Related Documents: 📋 PRD | 👤 User Experience | 🚀 Onboarding Guide


Overview

CycleTime (Project Orchestration Framework) implements a data and context provider architecture for Claude Code project management. The system provides structured project data, dependency tracking, and cross-session continuity through an embedded H2 database and MCP Resource integration.

Architectural Principles

The CycleTime architecture is guided by four core principles that shape its design and implementation decisions.
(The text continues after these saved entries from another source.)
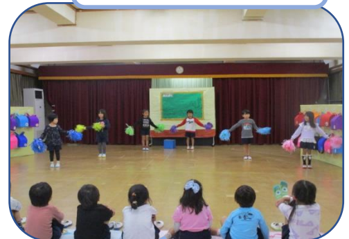
年長さんかっこいいな～
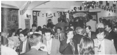
第3回ビア・ホールの会(1996年)(アサヒビアケラー広島)
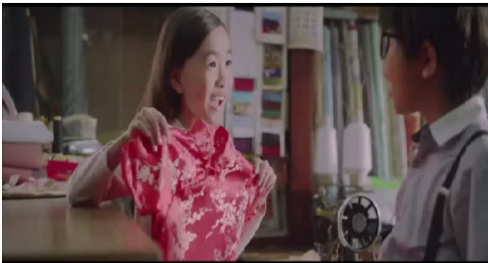
Rajah 5: Iklan-iklan turut memaparkan busana tradisional Cina

Bagi elemen penggunaan busana tradisional, pemaparan busana tradisional masyarakat Cina tidak kelihatan bagi Iklan Petronas 2010 dan 2011, manakala bagi tahun 2012 busana tradisional ini jelas kelihatan apabila seorang wanita sedang membetulkan busana tradisional Cina berwarna merah yang dipakainya iaitu Cheongsam di hadapan sebuah cermin. Demikian juga bagi tahun 2013, elemen busana tradisional sememangnya jelas kelihatan kerana watak utama dalam iklan ini merupakan pasangan suami isteri yang sememangnya berketurunan Cina, rentetan itu ada beberapa adegan di dalam iklan ini yang memaparkan busana tradisional seperti cheongsam dan sam foo kepada khalayak.

These principles ensure the system remains focused, maintainable, and well-integrated within the Claude Code ecosystem.

Simplicity First

CycleTime intentionally limits its scope to data and context provision rather than attempting complex orchestration. Claude Code handles agent delegation and workflow management, while CycleTime focuses on dependency graph traversal and basic CRUD operations. This division of responsibility keeps the system maintainable and prevents feature creep.
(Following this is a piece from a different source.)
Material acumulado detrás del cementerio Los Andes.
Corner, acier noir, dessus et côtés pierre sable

Embedded-First Architecture

The embedded H2 database serves as the default provider, enabling offline operation and concurrent access without external dependencies. This JVM-native approach integrates seamlessly with Exposed ORM and built-in connection pooling, providing immediate productivity for developers without configuration overhead.

MCP Server Integration

Built as a Claude Code MCP server, CycleTime integrates natively with the existing ecosystem. Project context flows to Claude Code agents through MCP Resources, while CycleTime leverages Claude Code's agent coordination capabilities rather than implementing custom orchestration logic.

Context Provision Over Automation

Rather than automating workflows, CycleTime exposes structured project data for Claude Code analysis. This approach supports manual workflows with rich context, enabling human-driven decisions backed by comprehensive project information and dependency insights.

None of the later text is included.